Furthermore, QPC detection based on CWT/TOS reduces time averages to a minimum, thus permitting short-lived, pulsed and intermittent events to be resolved. Relatively short data sequences are sufficient to perform an analysis, in contrast to the Fourier-based TOS that need long time series to obtain both sufficient frequency resolution and statistics. Estimates of the noise contribution and error level of the CWT/TOS parameters provide a criterion for the reliability of the relevant analysis results. Powerful noise reduction is an integral part of the standard technique as non-coherent contributions are averaged out, thus weak coherent signals can be detected in very noisy data.
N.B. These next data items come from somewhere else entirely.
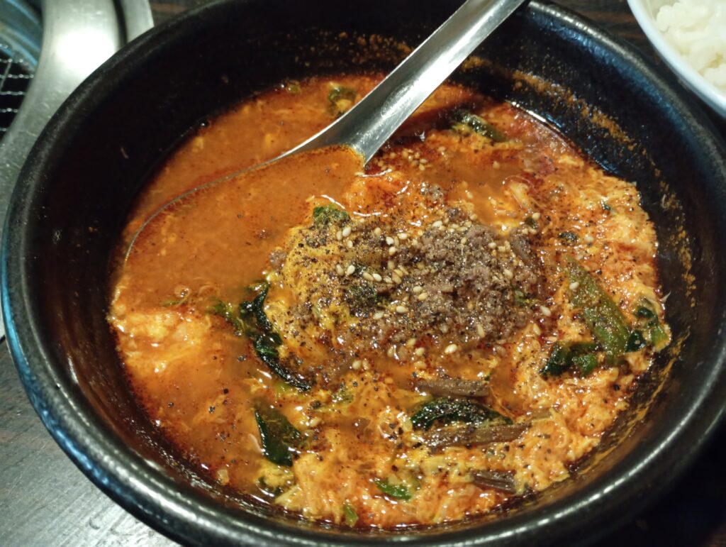 USカルビ定食の肉2倍を注文しました。USカルビ定食自体は880円(税込み)ですが、+310円で肉を二倍にすることができます。ランチからお肉がいっぱい食べられます。スープは+297円(税込み)でデビルスープにチェンジ。
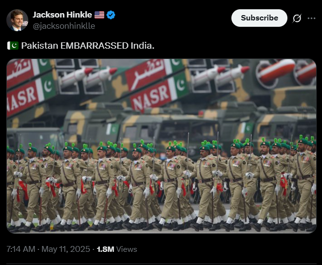 - “India was so shocked by Pakistan’s military capabilities, they begged Trump for a ceasefire last night.Don’t start a war you can’t win…”
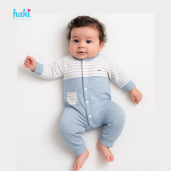Tác dụng: đảm bảo giữ ấm tuyệt đối vùng bụng và lưng – nơi dễ bị lạnh nhất của trẻ sơ sinh. Body dài tay haki là lựa chọn hoàn hảo cho bé dưới 12 tháng tuổi.
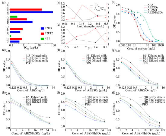Optimization of ic-ELISA. The IC50 was calculated when the Amax (Optical density (OD) value of negative control) ranged from 1.0 to 2.0. (a) Screening of Mab. Each Mab was estimated using four ABZs separately. The effect of (b) pH value and (c) ionic strength in the ic-ELISA were evaluated using Mab 12F12 and ABZ. (d) Standard curves of ic-ELISA for ABZs. (e–j) the calibration curves of the ic-ELISA for (e) ABZ, (f) ABZSO2, (g) ABZSO, (h) ABZNH2SO2 in phosphate buffer solution (PBS) and milk, and of ABZNH2SO2 in extracted (i) bovine liver and (j) beef. Each value represents the average of three independent replicates.
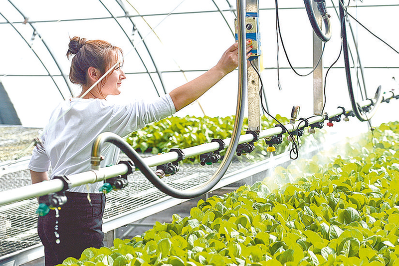 在新疆阿克苏市阿依库勒镇蔬菜基地,种植户操作喷淋设备为幼苗浇水(3月22日摄)。 新华社记者 丁 磊 摄
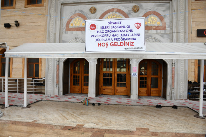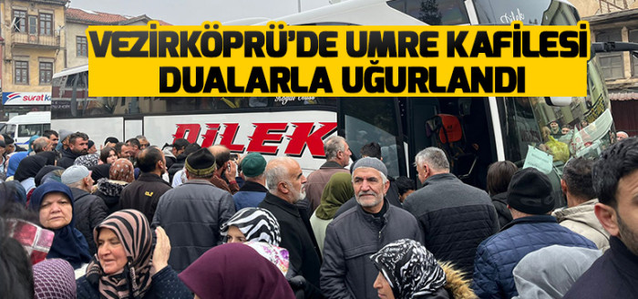 Vezirköprü’de, Diyanet İşleri Başkanlığı organizasyonu ile umre ziyareti gerçekleştirecek 117 kişilik umre kafilesi için uğurlama programı organize edildi. İlçe Merkezi’ndeki Köprülü Mehmet Paşa Camii önünde 117 kişilik kafile için düzenlenen törene İlçe Müftüsü Naci Yalçınkaya, Gençlik ve Spor İlçe Müdürü Mehmet Uyar ve yakınlarını kutsal topraklara yolcu etmek isteyen vatandaşlar katıldı.

Moreover, the CWT/TOS parameters are more independent of the frame of reference and may be expected to be more useful in experiments where measurement in the local frame of reference is difficult.

A positive aspect of the combination of CWT with TOS in revealing coupling dynamics is that it introduces a relatively general approach for any system of coupled nonlinear oscillators where temporal data can be obtained. It is a highly relevant problem in numerous fields of research, e.g. cardiorespiratory interactions, brain oscillations (e.g. in exploring prediction of plausible seizures in epileptic patients during sleep), neuronal systems, electronic systems, coupled lasers, chemical reactions, to mention some. Hence, the presented combinatory approach provides a promising general-use tool for studying the nature and strength of coupling between two (or more) nonlinear oscillators whose basic frequencies change considerably in time [40].

Finally, the ways forward are open, considering that numerous applications and even hybrid approaches could be built on the CWT/TOS combination. A characteristic example would be to create multiple image sequences of CWT/TOS bifrequency representations across the time axis for feeding a deep learning network (e.g. convolutional neural network [41]). Consequently, instead of presenting to the latter original data from a system's output, more enriched, pragmatic and denoised representations could be provided by the CWT/TOS ones, setting the ground for new synergies between advanced signal processing and machine learning fields.